Another common issue for implementing a Zero Trust infrastructure is the heavy demand for ongoing administration and maintenance. Zero Trust models can only be enforced through strictly defined permissions and security policies. As companies continue to change rapidly, adding new people, and technologies, changing locations, and laying off employees, access controls must be updated continuously to account for these actions. This means that administration requirements will be intensive. 


5. Third-Party Service Providers


If your company uses third-party providers like AWS, Azure, Google Cloud, etc, then there may be restrictions on how your company can implement access controls. Most companies rely on the built-in tools provided by these cloud providers, which means that you may be restricted in implementing a Zero Trust model. 




Zero Trust and Productivity


You should implement a Zero Trust model carefully,  as otherwise it can have a negative effect on productivity in it's early stages. The core philosophy of a Zero Trust model is strict access control around company resources. The more strict your security - the more likely someone will not be able to access a resource when needed. In the early stages of a Zero Trust model, some mistakes will likely be made, and there can be delays in giving people the necessary access. In order to avoid it - the whole team must be accordingly prepared, and familiar with the ways of Zero Trust functioning and requirements.




The Five Pillars of a Zero Trust Model


According to the Cybersecurity and Infrastructure Security Agency (CISA) there are five pillars of a Zero Trust model. Thinking of a zero trust model in this way can help organizations better implement Zero Trust in their environment. 


Identity: Identity refers to an attribute or set of attributes that uniquely describe an agency user or entity. This is important for ensuring that each user of the system can be uniquely identified for authentication.


Device: Device in this context refers to any hardware asset that can connect to the network. This includes but is not limited to mobile phones, laptops, and servers. It's important that companies inventory all devices, secure them, and prevent unauthorized devices from accessing protected resources.

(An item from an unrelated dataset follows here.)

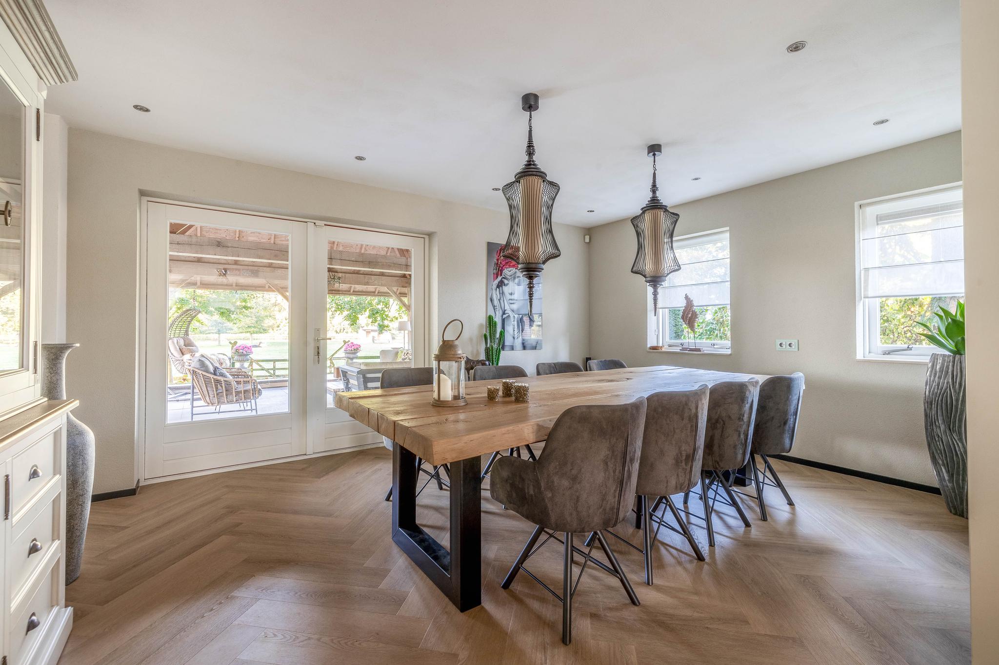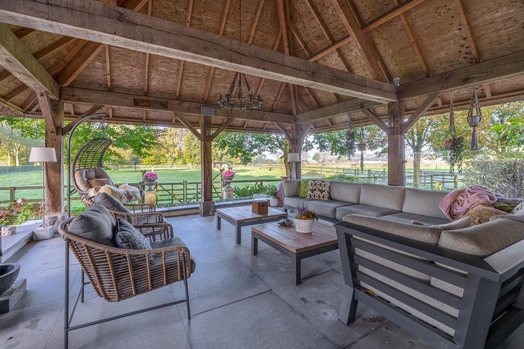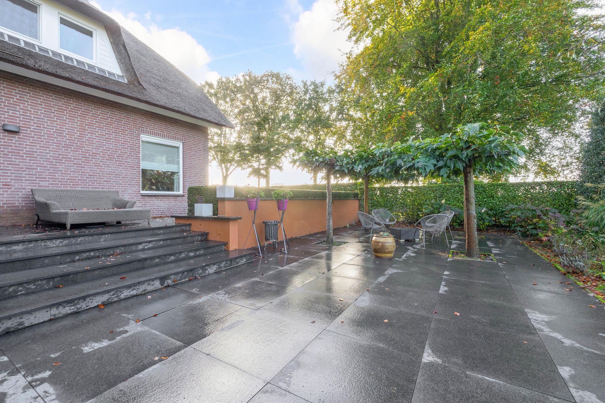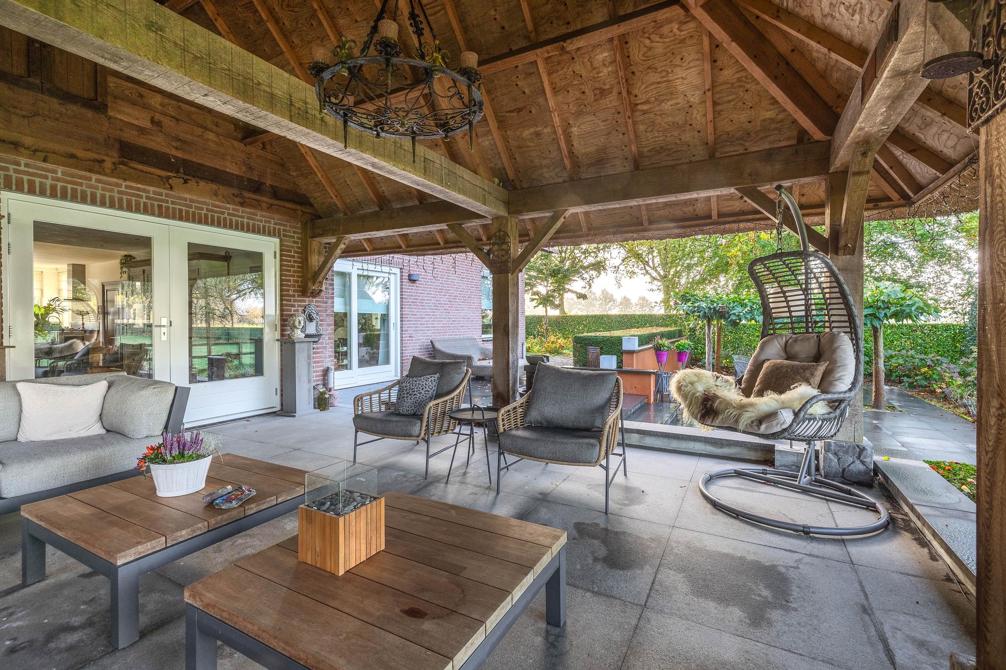 De tuin rondom de woning gelegen is fraai aangelegd en goed onderhouden. De tuin is ingericht met borders met vaste beplanting, bomen, gazon en diverse terrassen. Aan de voorzijde is een terras gelegen, aan de achterzijde beschikt het terras over een zeer fraaie en sfeervolle overkapping. Deze overkapping is opgetrokken uit eikenhout en voorzien van een glazen wand. Het dak is bedekt met riet. Het terras geeft een fraai uitzicht op de weilanden. Kortom een heerlijk plekje om te vertoeven! Iets verderop is een volière en nog een overdekt terras gesitueerd. Ook vanuit hier is er een prachtig zicht op de weilanden.

Network/Environment: This refers to any open communications medium, such as your internal networks, wireless networks, the internet, etc. It's your company's responsibility to segment your network and control data flows appropriately. You should make considerations for Visibility and Analytics, Automation and Orchestration, and Governance.

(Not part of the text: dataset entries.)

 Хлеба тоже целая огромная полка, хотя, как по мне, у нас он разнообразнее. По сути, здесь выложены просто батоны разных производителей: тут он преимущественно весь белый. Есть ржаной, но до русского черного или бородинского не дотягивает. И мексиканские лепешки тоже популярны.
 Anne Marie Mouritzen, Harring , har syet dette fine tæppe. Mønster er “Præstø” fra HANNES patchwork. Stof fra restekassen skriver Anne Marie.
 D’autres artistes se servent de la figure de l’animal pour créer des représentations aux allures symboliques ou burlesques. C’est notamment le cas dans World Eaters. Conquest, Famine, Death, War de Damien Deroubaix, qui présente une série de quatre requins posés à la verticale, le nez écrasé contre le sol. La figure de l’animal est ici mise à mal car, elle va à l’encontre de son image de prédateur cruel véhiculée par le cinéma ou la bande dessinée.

Application Workload: This refers to all systems, computer programs, and services that execute in the company's on-premise or cloud environment. Companies should secure and manage the application layer of their environment to provide secure application delivery. It should also include security features that prevent users from manipulating applications to circumvent access controls.


Data: Data should be protected on devices, applications, and networks. Companies should inventory, categorize and label data, protect data at rest and in transit, and deploy controls for detecting data leakage and exfiltration. 


These five pillars give you a high-level overview of the five areas that must be considered when implementing a zero-trust model in your environment. In addition to simply striving to achieve a secure state, companies must keep in mind the different security-related compliance requirements for their specific industry. For example, HIPAA or HITRUST for healthcare, GDPR if your customers are in the EU, etc. Depending on your company's exact situation, you will be required to implement specific processes.





The Zero Trust model is a security framework where all internal or external users are required to authenticate and be continuously validated to access company resources. This is an improvement on the traditional security philosophy that used security perimeters to separate a "Trusted" area from an "untrusted" area. All areas of the network and all users are treated with suspicion. The implementation of Zero Trust can be complicated for several reasons, but overall it is an important aspect of organizational security.